Testo:  Susanne E. L. ProbstFoto: (Lulu) Costel Dorneanu

“LA FIORENTE” 2021 – Passeggiata urbana a cavallo e in carrozza in onore dei Nativi d’America

Quando un uomo si allontana dalla natura il suo cuore diventa duro”  (Proverbio Lakota)
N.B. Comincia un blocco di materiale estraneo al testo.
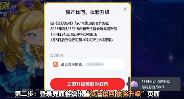 第二步,登录自己的小米渠道服账号。别看渠道服关了,登录入口还能正常使用,专门用来找回资产。登录后会弹出弹窗,直接点击【立即升级领取彩虹币】;要是没出现弹窗,就关闭游戏后台,重新启动一次,一般都能显示,多试一次不亏。
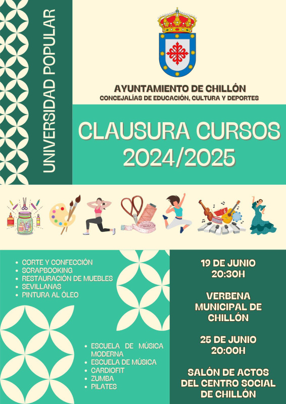 El próximo jueves, 19 de junio y el miércoles, 25 de junio, pondremos el broche final a los Cursos de la Universidad Popular 2024-2025. Para ello, celebraremos los actos de clausura con todos los/as profesores/as y alumnado de los diferentes cursos impartidos durante este año escolar.
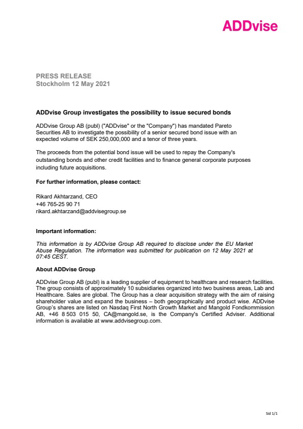 ADDvise Group AB (publ) (“ADDvise” or the “Company”) has mandated Pareto Securities AB to investigate the possibility of a senior secured bond issue with an expected volume of SEK 250,000,000 and a tenor of three years.
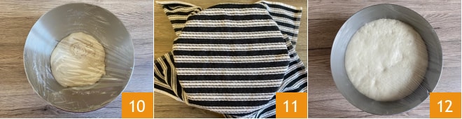 Decken Sie ihn mit Frischhaltefolie 10 und einem Tuch 11 ab und lassen Sie ihn bei ausgeschaltetem Ofen mit eingeschaltetem Licht gehen, bis er sein Volumen verdreifacht hat 12. Das dauert etwa 3 Stunden.
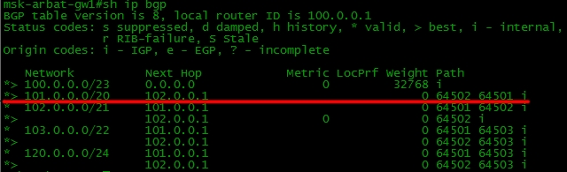 Знак “^” означает, что ASN 200 была добавлена последней, то есть маршрут к нам пришёл из AS 200, но это не значит, что родился он в ней же – знак “_” говорит о том, что это может быть конец списка, а может пробел перед следующей AS.

Da sempre colleghiamo i nativi d’America a scene viste e riviste nei classici film western. “Ombre Rosse”, “Sentieri Selvaggi”, e perfino il cult che rivoluzionò il mito cinematografico del Far West, “Piccolo Grande Uomo”, mostrano i temibili indiani a cavallo che assalgono diligenze e attaccano i carri di pionieri e cercatori d’oro che invadono i loro territori natii. Il finale è quasi sempre scontato. Arrivano “i nostri”, ossia l’eroica cavalleria che rincorre (e massacra) gli uni e salva gli altri.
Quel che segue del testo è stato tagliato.